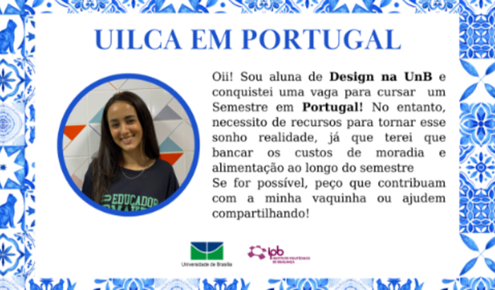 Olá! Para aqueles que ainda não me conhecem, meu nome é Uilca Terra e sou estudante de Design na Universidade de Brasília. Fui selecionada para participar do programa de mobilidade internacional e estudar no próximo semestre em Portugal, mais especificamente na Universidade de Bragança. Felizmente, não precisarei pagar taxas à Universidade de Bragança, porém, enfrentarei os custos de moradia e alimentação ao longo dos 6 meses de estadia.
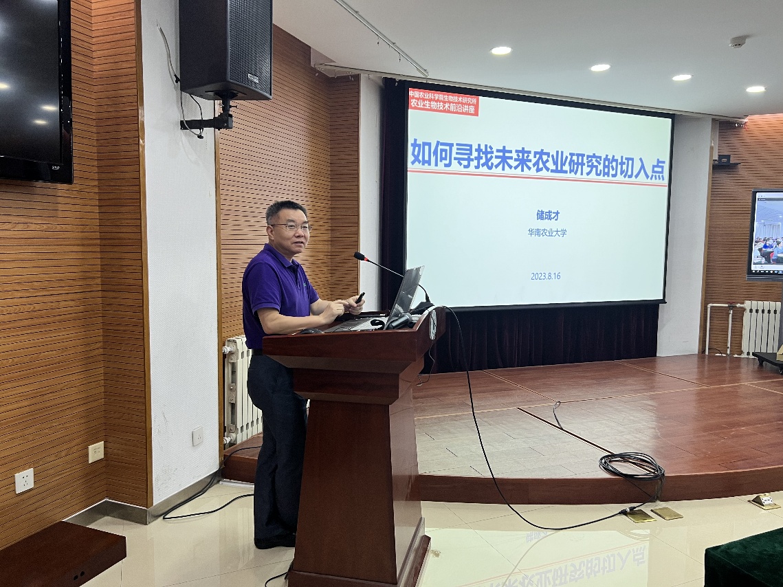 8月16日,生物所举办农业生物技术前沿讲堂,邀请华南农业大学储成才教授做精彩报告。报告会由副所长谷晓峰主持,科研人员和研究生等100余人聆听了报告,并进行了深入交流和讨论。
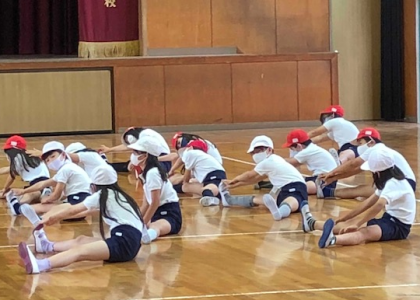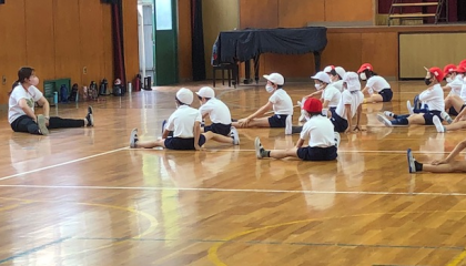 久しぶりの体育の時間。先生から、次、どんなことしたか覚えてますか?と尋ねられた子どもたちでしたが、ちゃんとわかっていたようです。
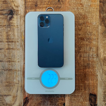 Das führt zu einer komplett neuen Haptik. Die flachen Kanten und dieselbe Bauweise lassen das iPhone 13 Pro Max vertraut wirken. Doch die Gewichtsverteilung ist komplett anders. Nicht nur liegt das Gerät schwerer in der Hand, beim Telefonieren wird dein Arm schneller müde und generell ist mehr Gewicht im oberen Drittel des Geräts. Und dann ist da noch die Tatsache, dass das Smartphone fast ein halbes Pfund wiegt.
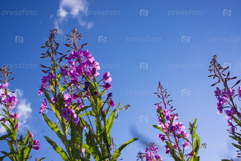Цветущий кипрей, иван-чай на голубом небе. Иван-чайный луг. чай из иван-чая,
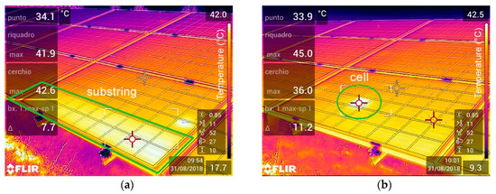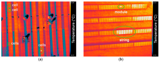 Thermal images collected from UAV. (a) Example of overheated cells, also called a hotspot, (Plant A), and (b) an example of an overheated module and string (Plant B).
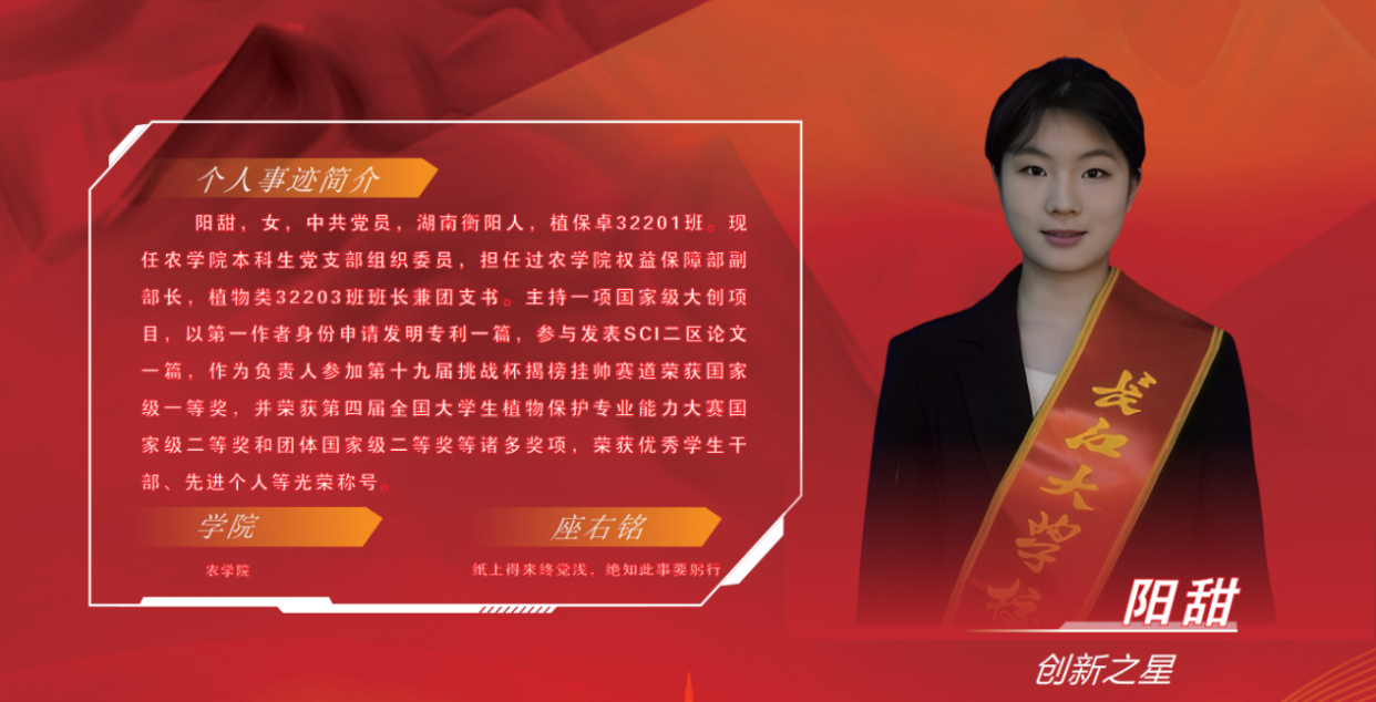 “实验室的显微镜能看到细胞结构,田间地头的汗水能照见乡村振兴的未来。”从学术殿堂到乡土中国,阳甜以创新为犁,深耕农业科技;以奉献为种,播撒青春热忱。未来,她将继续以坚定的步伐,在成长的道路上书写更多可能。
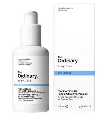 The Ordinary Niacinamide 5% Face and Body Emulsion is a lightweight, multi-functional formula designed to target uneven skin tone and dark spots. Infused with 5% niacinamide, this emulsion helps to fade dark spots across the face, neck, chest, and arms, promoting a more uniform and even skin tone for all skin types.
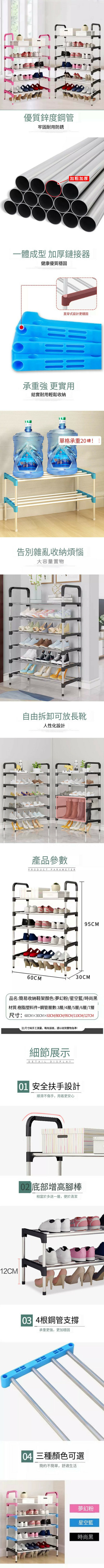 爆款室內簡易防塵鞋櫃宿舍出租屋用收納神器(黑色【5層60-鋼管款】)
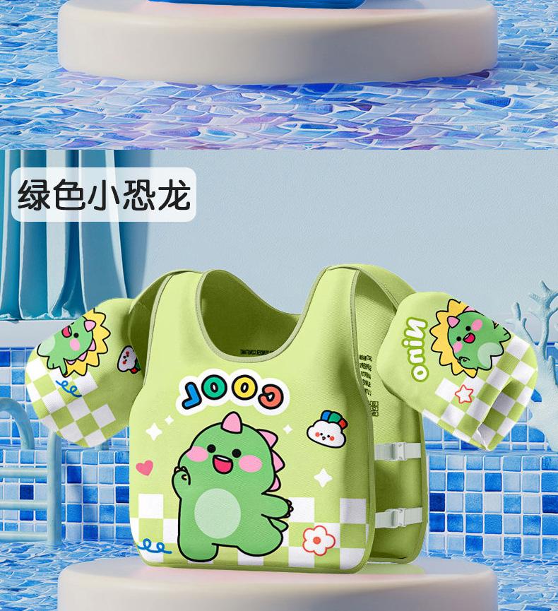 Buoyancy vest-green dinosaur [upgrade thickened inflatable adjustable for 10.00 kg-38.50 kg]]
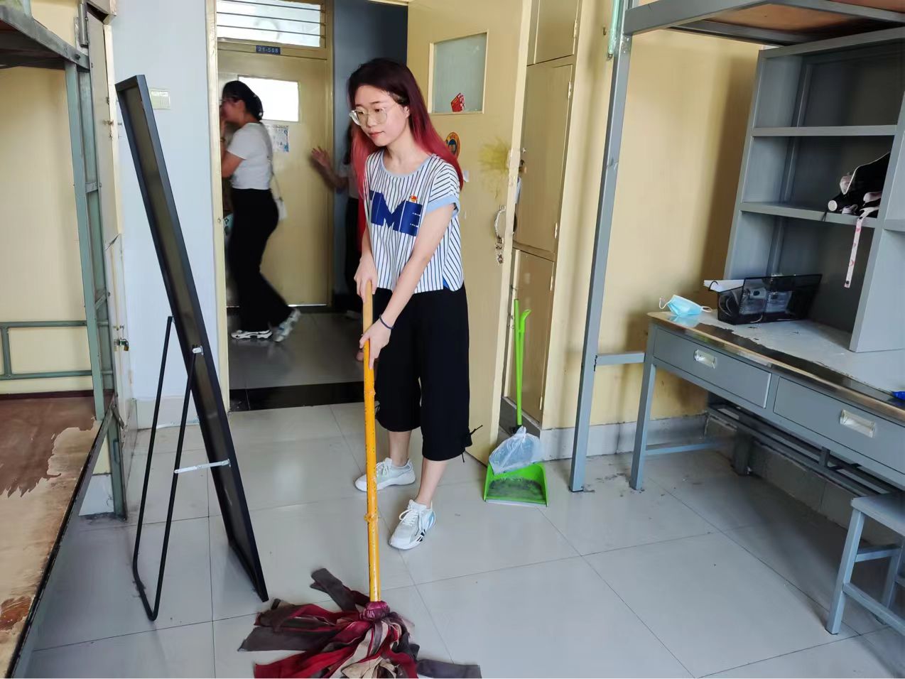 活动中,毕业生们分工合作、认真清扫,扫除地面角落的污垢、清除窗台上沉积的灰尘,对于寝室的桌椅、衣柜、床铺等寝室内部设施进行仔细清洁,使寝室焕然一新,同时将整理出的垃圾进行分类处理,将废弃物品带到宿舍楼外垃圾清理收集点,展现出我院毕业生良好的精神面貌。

━━━━━━━━━━

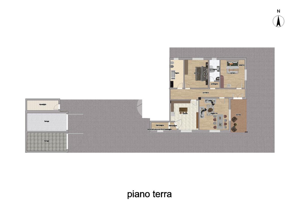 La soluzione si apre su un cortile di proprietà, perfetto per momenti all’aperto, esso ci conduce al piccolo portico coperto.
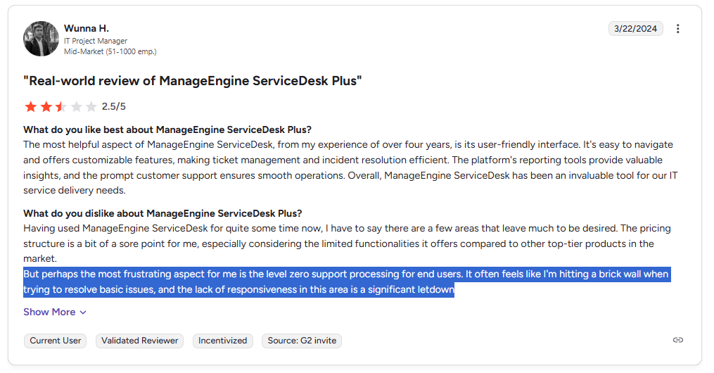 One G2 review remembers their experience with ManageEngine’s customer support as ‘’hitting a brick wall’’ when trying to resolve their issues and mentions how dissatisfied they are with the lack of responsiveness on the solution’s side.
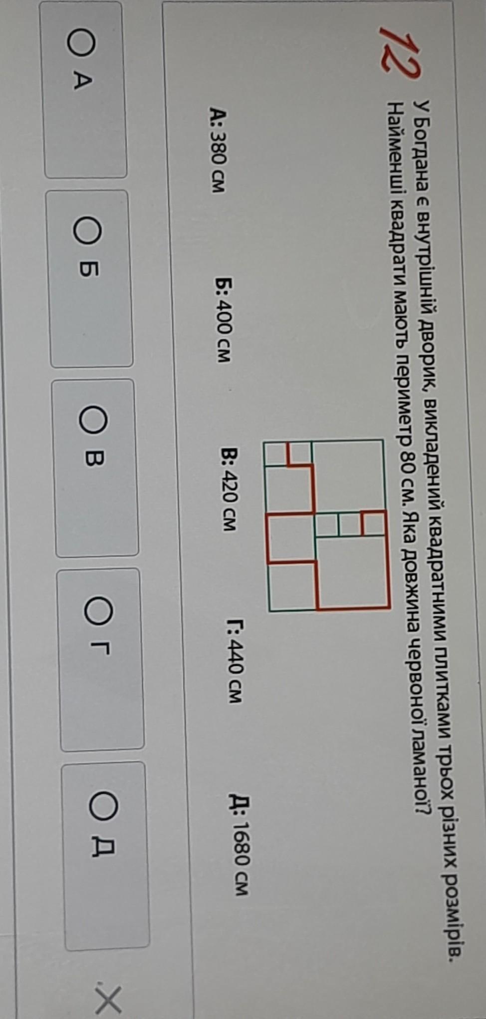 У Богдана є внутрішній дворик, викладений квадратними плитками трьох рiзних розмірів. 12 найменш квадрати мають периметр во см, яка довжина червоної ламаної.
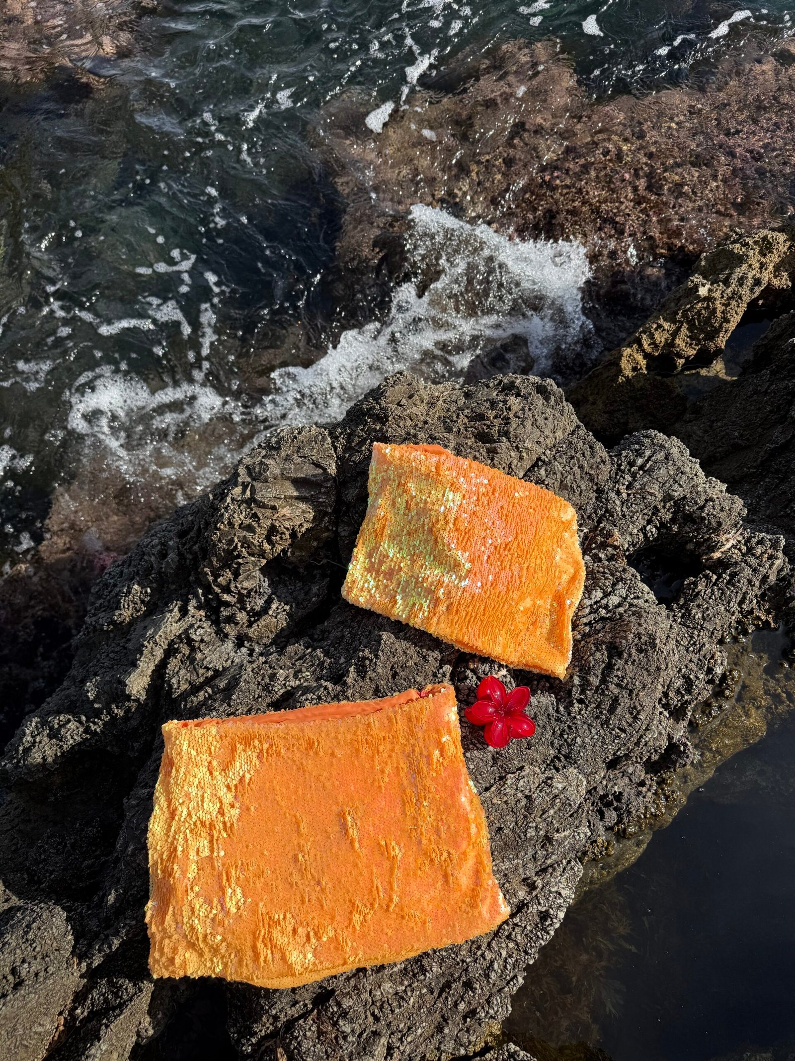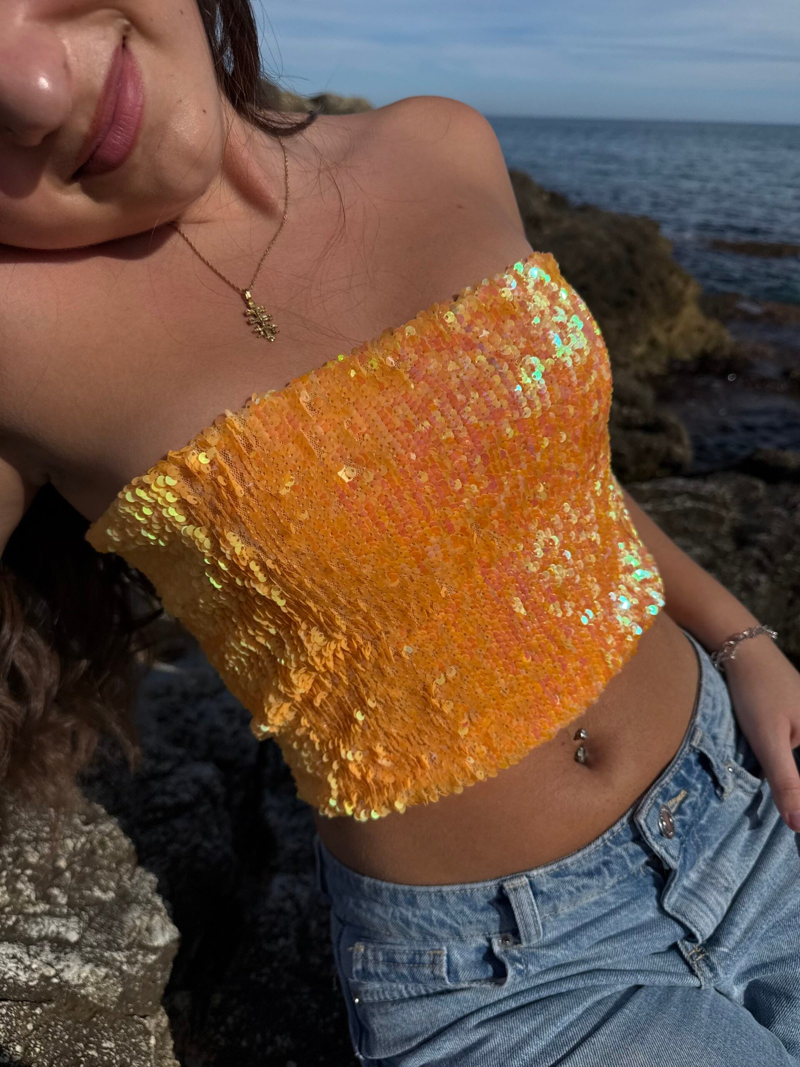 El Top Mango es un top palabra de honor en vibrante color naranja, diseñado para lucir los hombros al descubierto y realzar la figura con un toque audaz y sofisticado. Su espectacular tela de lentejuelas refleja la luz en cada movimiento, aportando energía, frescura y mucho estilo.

━━━━━━━━━━

- _WHAT YOU NEED TO DO_
Using the listing above, reproduce word for word every line from the one containing "Das führt zu" through the one containing "Цветущий кипрей, иван-чай". Pictures must be left out.

- _EXERCISE RESULT_
 Das führt zu einer komplett neuen Haptik. Die flachen Kanten und dieselbe Bauweise lassen das iPhone 13 Pro Max vertraut wirken. Doch die Gewichtsverteilung ist komplett anders. Nicht nur liegt das Gerät schwerer in der Hand, beim Telefonieren wird dein Arm schneller müde und generell ist mehr Gewicht im oberen Drittel des Geräts. Und dann ist da noch die Tatsache, dass das Smartphone fast ein halbes Pfund wiegt.
Цветущий кипрей, иван-чай на голубом небе. Иван-чайный луг. чай из иван-чая,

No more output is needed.